Search code examples
c++c++11stdstring

Are there downsides to using std::string as a buffer?


I have recently seen a colleague of mine using std::string as a buffer:

std::string receive_data(const Receiver& receiver) {
  std::string buff;
  int size = receiver.size();
  if (size > 0) {
    buff.resize(size);
    const char* dst_ptr = buff.data();
    const char* src_ptr = receiver.data();
    memcpy((char*) dst_ptr, src_ptr, size);
  }
  return buff;
}

I guess this guy wants to take advantage of auto destruction of the returned string so he needs not worry about freeing of the allocated buffer.

This looks a bit strange to me since according to cplusplus.com the data() method returns a const char* pointing to a buffer internally managed by the string:

const char* data() const noexcept;

Memcpy-ing to a const char pointer? AFAIK this does no harm as long as we know what we do, but have I missed something? Is this dangerous?


Solution

  • Don't use std::string as a buffer.

    It is bad practice to use std::string as a buffer, for several reasons (listed in no particular order):

    • std::string was not intended for use as a buffer; you would need to double-check the description of the class to make sure there are no "gotchas" which would prevent certain usage patterns (or make them trigger undefined behavior).
    • As a concrete example: Before C++17, you can't even write through the pointer you get with data() - it's const Tchar *; so your code would cause undefined behavior. (But &(str[0]), &(str.front()), or &(*(str.begin())) would work.)
    • Using std::strings for buffers is confusing to readers of your function's definition, who assume you would be using std::string for, well, strings.

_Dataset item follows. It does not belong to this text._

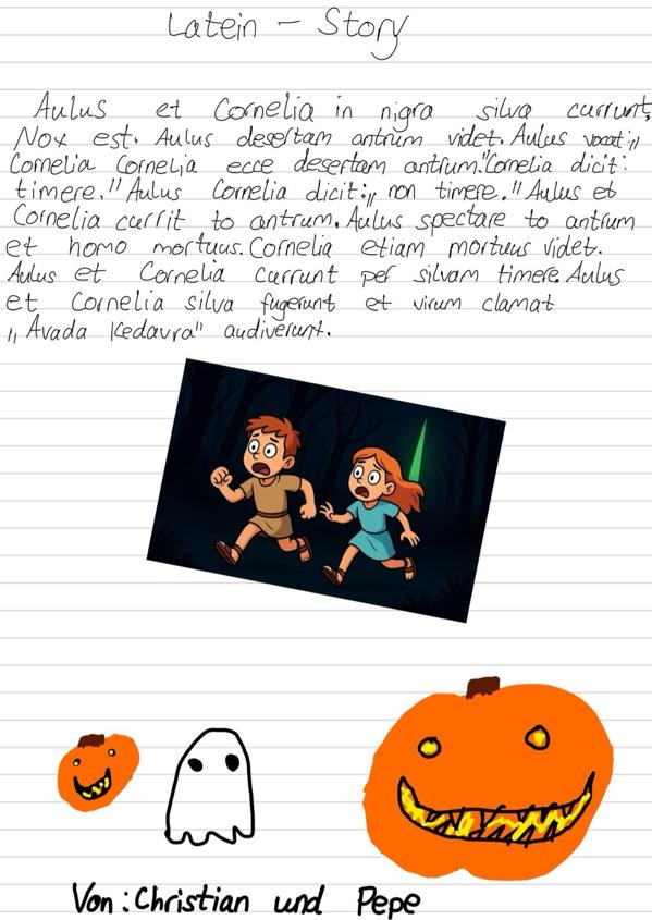 NIEDERAULA. Am 31.10.2025 war es wieder einmal so weit: Die Lateinschüler/-innen der Gesamtschule Niederaula haben wieder ganz kreative und tolle Ergebnisse beim Latein-Wettbewerb zu Halloween erstellt und eingereicht. Man konnte selbsterstellte Comics, Gruselgeschichten und Gedichte einreichen. Alles natürlich auf Latein, kreativ und lebhaft. Auf diese Weise stellten gleich zehn Schüler/-innen der Jahrgangsstufe 7, die gerade erst mit ihrem ersten Lernjahr Latein begonnen haben, ihre Lateinkenntnisse unter Beweis. Aus Jahrgangsstufe 8 gewannen zwei Jungen das Rennen um die kreativen Gruselgeschichten. Diese Jahrgangsstufe ist in Latein im 2. Lernjahr schon so weit, dass sie sich im Vorfeld mit dem berühmten, antiken Naturwissenschaftler und Historiker Gaius Plinius dem Jüngeren (auch Augenzeuge des Vesuvausbruchs in Pompeji) auseinandersetzten. In seinem Brief an den Freund Sura diskutiert er nämlich anhand der Erzählungen über eine Geistervilla in Athen, die durch den Philosophen Athenodoros aufgeklärt wurden, ob es Geister wirklich geben kann oder diese doch nur Abbilder menschlicher Ängste und Phantasie seien.

In other words, doing so breaks the Principle of Least Astonishment.
    • Worse yet, it's confusing for whoever might use your function - they too may think what you're returning is a string, i.e. valid human-readable text.
    • std::unique_ptr would be fine for your case, or even std::vector. In C++17, you can use std::byte for the element type, too. A more sophisticated option is a class with an SSO-like feature, e.g. Boost's small_vector (thank you, @gast128, for mentioning it).
    • (Minor point:) libstdc++ had to change its ABI for std::string to conform to the C++11 standard, so in some cases (which by now are rather unlikely), you might run into some linkage or runtime issues that you wouldn't with a different type for your buffer.

    Also, your code may make two instead of one heap allocations (implementation dependent): Once upon string construction and another when resize()ing. But that in itself is not really a reason to avoid std::string, since you can avoid the double allocation using the construction in @Jarod42's answer.